The French-American Mr Olsen, who worked on the integration of Orascom, the Middle Eastern cement company that Lafarge bought in 2007, has been doing the rounds of investors, a process that Mr Lafont says is going well. The deal appears to be progressing nicely in other areas too. It is now on the verge of clearing all the (substantial) regulatory hurdles it faced at the outset, and last Friday received the final sign-off from the European authorities for a €6.5 billion asset sale to CRH, an Irish competitor.

However, there are potential bumps in the road ahead.

Bumps ahead

Lafarge’s two largest shareholders, the holding companies of Belgian Albert Frère, and Nassef Sawiris, Egypt’s richest man, are already in favour of the deal.

But ISS, the shareholder advisory service, while acknowledging that it had a “clear strategic rationale”, warned last week [April 20] that bridging the cultural gap between the two companies remained a challenge, that promised synergies might not materialise,and that Mr Olsen was untested as a chief executive and execution might as a result suffer.

Mr Lafont is sanguine, saying “there is a good momentum, we are close to the end” but he refuses to comment on whether Filaret Galchev, head of Eurocement, the Russian company that is Holcim’s second-largest shareholder, will receive a seat on the board of the merged company as he has requested in return for his support.

The request, if acceded to, would disrupt the careful balance of seven Lafarge representatives to seven Holcim representatives on the merged company’s board.
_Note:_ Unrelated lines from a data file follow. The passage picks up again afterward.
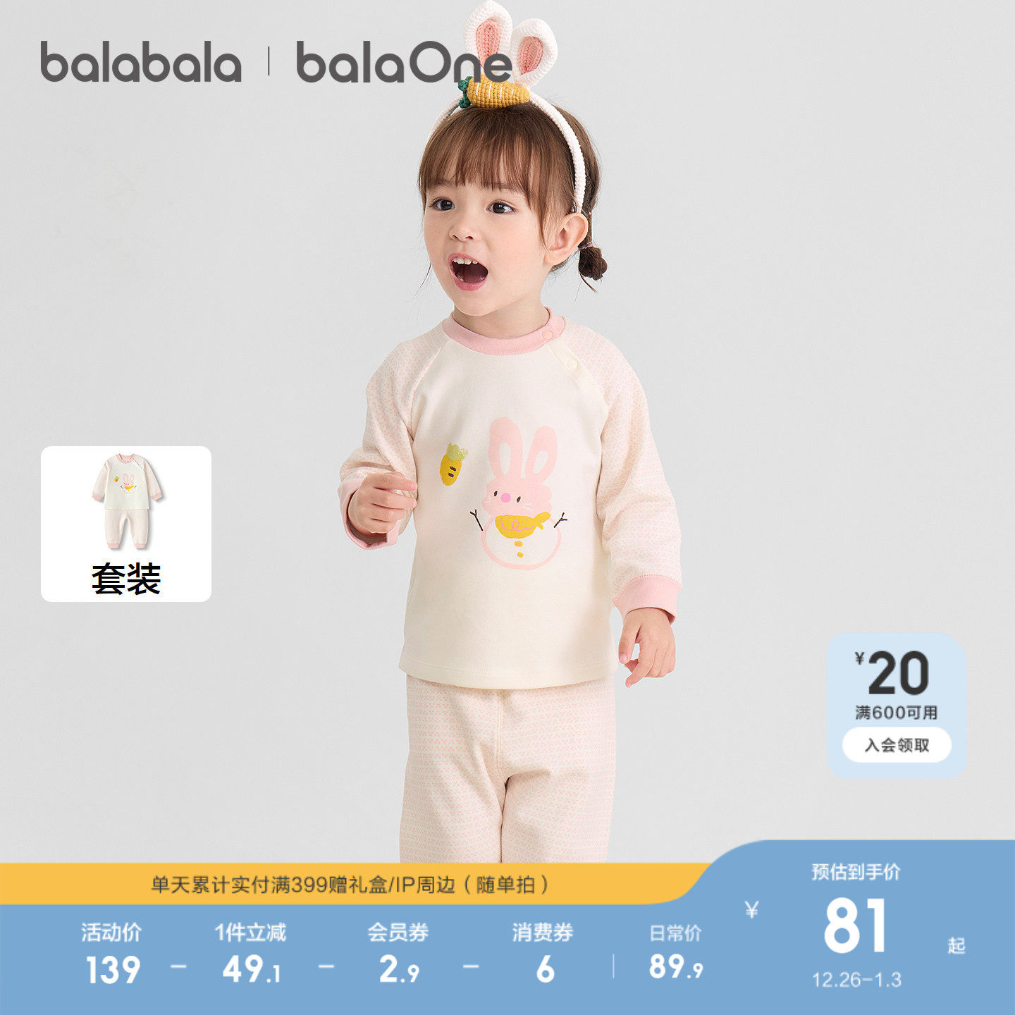 巴拉巴拉童装婴儿内衣套装男女童长袖睡衣2025新款秋冬保暖秋衣萌
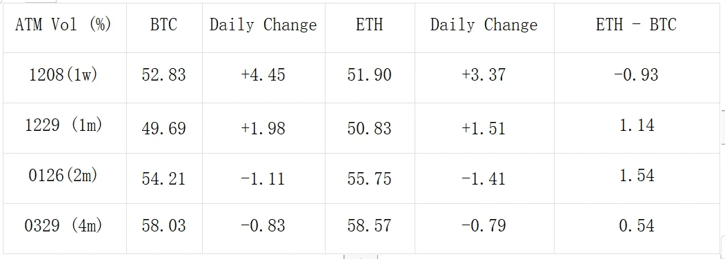 数字货币方面,BTC 多头在经过一天的调整后再度向更高点发起挑战,一夜之间价格再涨 5% ,收报 43619 美元,ETH 弱势联动,收涨于 2267.3 (+ 2.92% )。实际波动的上涨再度拉动了前端 IV 的上扬, 29 DEC 23 仍以局部低点的角色成为曲面斜率走平的分割点。此轮上涨行情在某种程度上可以被解读为对 1 月 SEC 批准 BTC SPOT ETF 审核的正面预期的下注,BTC 期权成交量受此提振创下近期新高,其大宗上再度出现了以 26 Jan 24 42000 vs 50000 Long Call Spread 为代表的看涨策略,中短期内也不乏一些以 Sell Call Spread 形式出现的滚仓操作,一同表达了对后市上行空间的展望。除此之外,BTC/ETH 两币种在中短期内还有不少买入 Put Spread 策略,实现了下行场景下对仓位的保护。
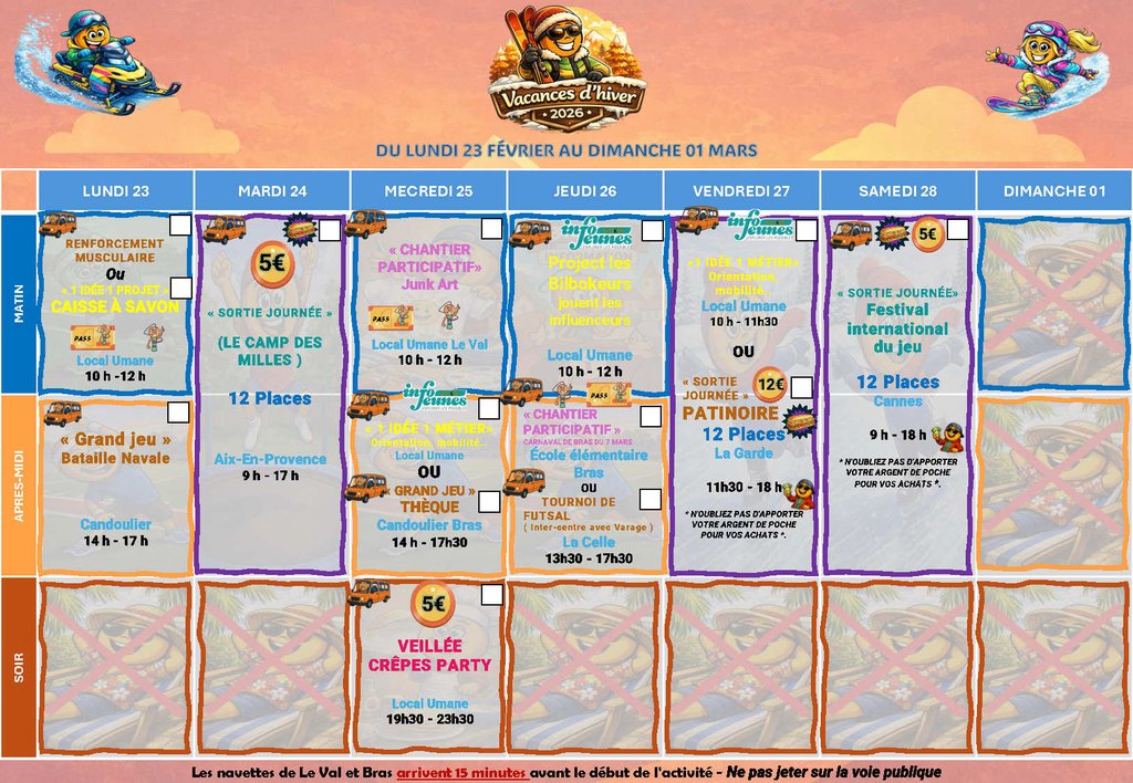 - Sorties journée (raquettes, patinoire, festival du jeu…)
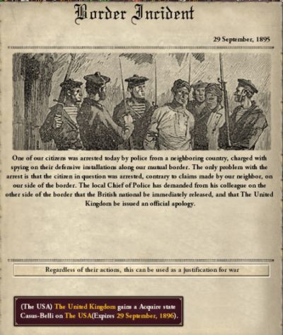友好度の悪い国相手に戦争の口実を作れるイベント。こんなのでイギリスにケンカをふっかけられてはたまったものではない。
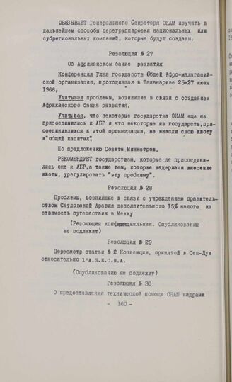 Резолюции конференции глав государств и правительств Общей афро-малагасийской организации. Тананариве, 25-27 июня 1966 г. Резолюция № 28. Проблемы, возникшие в связи о учреждением правительством Саудовской Аравии дополнительного 15% налога на стоимость путешествия в Мекку // Résolution de la Conférence des Chefs d'Etat et de Gouvernement de l'Organisation Commune Africaine et Malgache. Tananarive, 25-27 juin 1966. Edité par le Secrétariat Général de l'OCAM. B. P. 437 Yaounde.
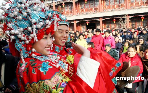 1月27日 (大年初二),北京大觀園十四屆紅樓廟會吸引眾多假日游客,本屆廟會以弘揚中華傳統文化為宗旨,以展現紅樓文化為主題,呈現出改革開放30年來新北京、新宣武的精神風貌。廟會主要活動有“元妃省親”、“寶黛成婚”“賈母賀壽”、紅樓文化展覽--木版年畫展、紅樓夢人物火花展以及紅樓美食展示區等。圖為在北京大觀園2009年紅樓廟會上別具創意的“寶黛成婚”。中新社發 錢興強 攝
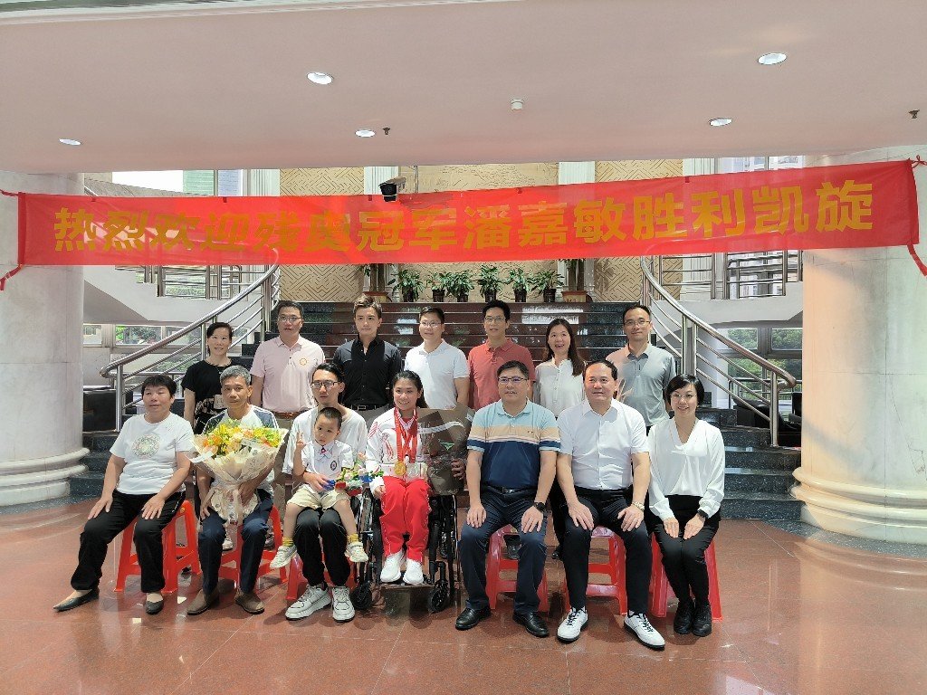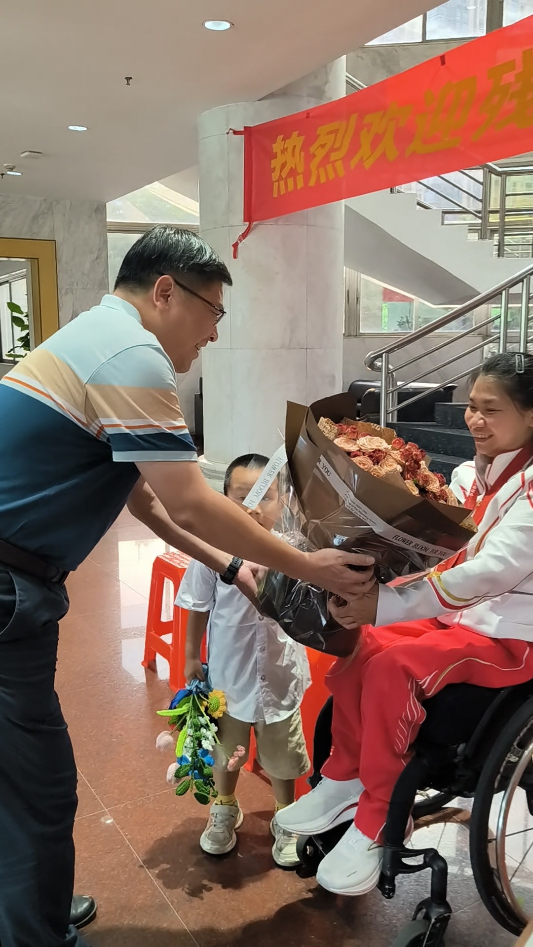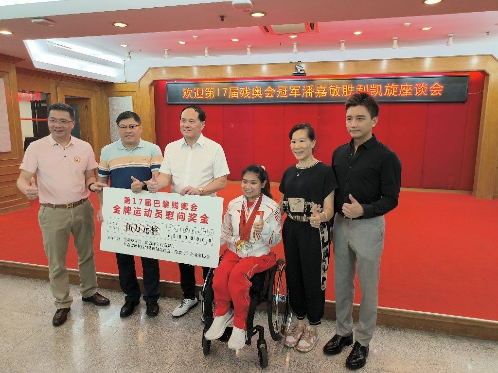9月11日下午,巴黎残奥冠军潘嘉敏回到家乡佛山市顺德区伦教街道。伦教街道党工委、办事处为潘嘉敏举行凯旋座谈会,致以鲜花祝贺,并送上五万元慰问奖金。

And he airily waves away concerns that disagreements between Holcim’s former biggest shareholders, the founding family of Thomas Schmidheiny and Mr Galchev, not to mention potential friction as the two co-chairmen work out their respective roles, could impede the smooth running of LafargeHolcim.

“Worries? Why should I be worried?” he says. “To merge these two companies is a once-in-a-generation opportunity to transform an industry.”

He argues that the benefits of the deal, such as the €1.4 billion in promised savings, far outweigh its challenges.

“When you put two people together, one of Lafarge with one in Holcim, they are rapidly talking about how to get the best idea from the other. If they do that, there is a huge amount of money to make and that is part of the synergies.”

He will not say, though, what return on capital the new company will target, a key question for investors given that in recent years Lafont has been able to fund its dividend only through asset sales rather than from cash flow.

Instead he argues that the cultural differences between Holcim and Lafarge have been overplayed. “The most important thing to remember [is that] the things which are uniting us are much bigger than the things which are dividing us, and what is uniting us is the fact that we are all cement people.”

A “cement person”, according to Mr Lafont, has a time horizon of 50 years. Hopefully investors will not have to wait that long before they are able to judge whether LafargeHolcim is a success.